- [Work to be completed]:
Please set down exactly the lines of the listing below from the line containing "Lesklá vánoční papírová" through the line containing "味変用に、コチュジャンと桃屋のきざみにんにくも同時に準備しておく。", both lines included, leaving out all other lines.

- [Record excerpts]:
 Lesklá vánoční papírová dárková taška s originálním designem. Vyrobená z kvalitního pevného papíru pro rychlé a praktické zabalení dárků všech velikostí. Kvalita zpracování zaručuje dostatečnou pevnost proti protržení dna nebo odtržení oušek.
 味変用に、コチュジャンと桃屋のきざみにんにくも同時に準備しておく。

==

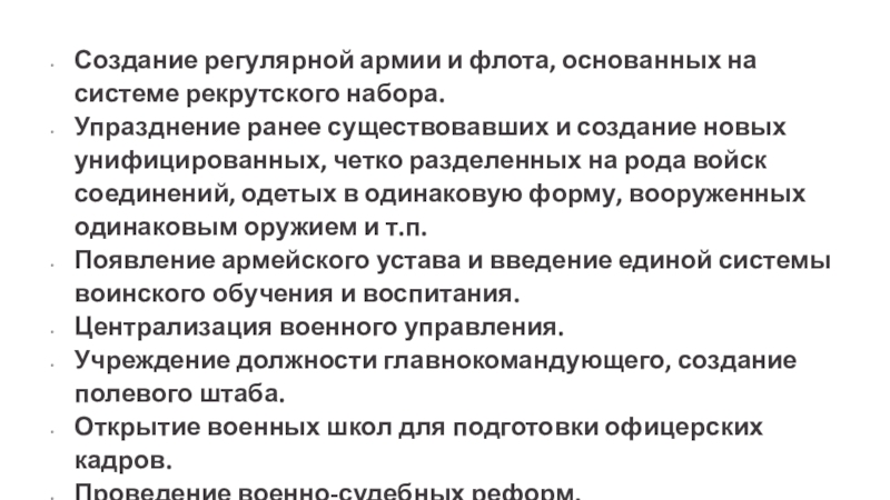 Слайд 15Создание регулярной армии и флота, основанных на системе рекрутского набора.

- [Result below]:
 Lesklá vánoční papírová dárková taška s originálním designem. Vyrobená z kvalitního pevného papíru pro rychlé a praktické zabalení dárků všech velikostí. Kvalita zpracování zaručuje dostatečnou pevnost proti protržení dna nebo odtržení oušek.
 味変用に、コチュジャンと桃屋のきざみにんにくも同時に準備しておく。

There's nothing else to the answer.